I was keeping my books in the locker when I heard clicking sound, I shifted a little to see where the sound is coming from and my eyes landed on Ellen. She was standing across the corridor wearing a short skirt and a beautiful crop top. I figured out that the sound was coming from her heels. She was wearing long ones. She looked taller than me. No wonder she looked beautiful. She is really pretty. Her figure is just like a supermodel. Then I saw her tugging at someone’s arm.
I shifted my gaze a little and found it to be Ray.
My heart started racing. My breath hitched. It felt like I couldn’t breathe anymore. Raymond has such an effect on me. But the sad part here is-
Ellen is tugging on his arms and she is rubbing his biceps seductively.
I felt hurt. Thousands of question started occupying my mind. I was too lost. Ellen looked at me and gave me a sympathetic smile. It felt like someone is stabbing me in my heart. It’s like I want to breathe and I can’t. It’s like someone is pushing me down and I’m trying hard to climb up.

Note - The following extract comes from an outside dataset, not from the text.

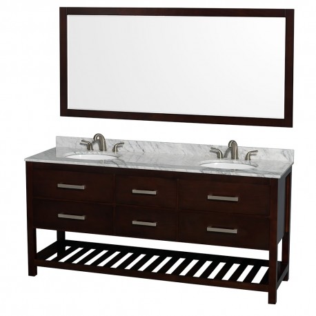 72 inch Double Bathroom Vanity in Espresso, White Carrera Marble Countertop, Undermount Oval sinks, and 70 inch Mirror
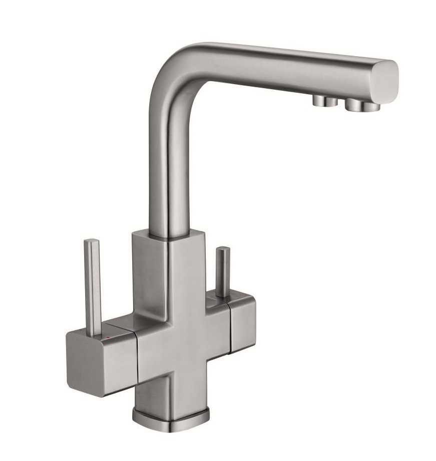 Смеситель для фильтра необходим тем, кто использует систему очистки воды под мойкой (обратный осмос, проточный фильтр). Модель DAMAS с лаконичным дизайном впишется в современный интерьер кухни. Нержавеющая сталь сочетается с мойками и смесителями аналогичной отделки.

I felt broke. Not only by what I saw. Ellen was too close to ray but the fact that Ray didn’t do anything about it. He was standing there calmly. As is nothing is wrong.
And I was standing right across them. My heart felt heavy. My body fell numb. I was choked. I wanted to speak but I couldn’t, I wanted to cry but I couldn’t.
It’s like I’m in some movie. Everything is moving in slow motion. I saw Ellen saying something to Raymond, standing very close to him and he was grinning and then…….. they kissed.
Raymond didn’t see me. How could he do this to me? I’m standing right across the corridor and he hasn’t even seen me yet. His eyes were only on one person. Ellen.
And they are kissing. Like only two of them are there in this world. Only them.
Maybe I was wrong.
Maybe I don’t mean anything to him.
Maybe I’m just another girl to him.
Just another fling
He is not even looking at me once. He knows about my presence here. But he’s not even looking.
My mind is screaming a thousand words.
Look at me, Ray!
What happened yesterday doesn’t mean anything to you?
Am I just another girl?
All the concern you showed, was it fake.
Look at me goddammit.
Look at me. Look into my eyes.
Stop what you are doing. It hurts.
It fucking hurts Raymond.
STOP torturing me.
I know you don’t love me. Love has deep meaning. I don’t know what it is between us. Maybe just like? I know those blue eyes didn’t lie when they showed concern. I know they didn’t.
Suddenly I felt an arm around my waist. It was a tight grip. I shifted my head to see Dany standing next to me. His eyes showed pure concern, they were asking me to hold. His eyes were giving me strength and hope at the same time. Hope. That everything will be fine. He was telling me to stay strong.
Then we walked away. My feet weren’t coordinating. I was still numb and cold. Dany tightens his grip and then I lost it. I lost control over my tears which I was holding back.
Tears started to stream down my face. I’m weak.
Am I obsolete for everyone?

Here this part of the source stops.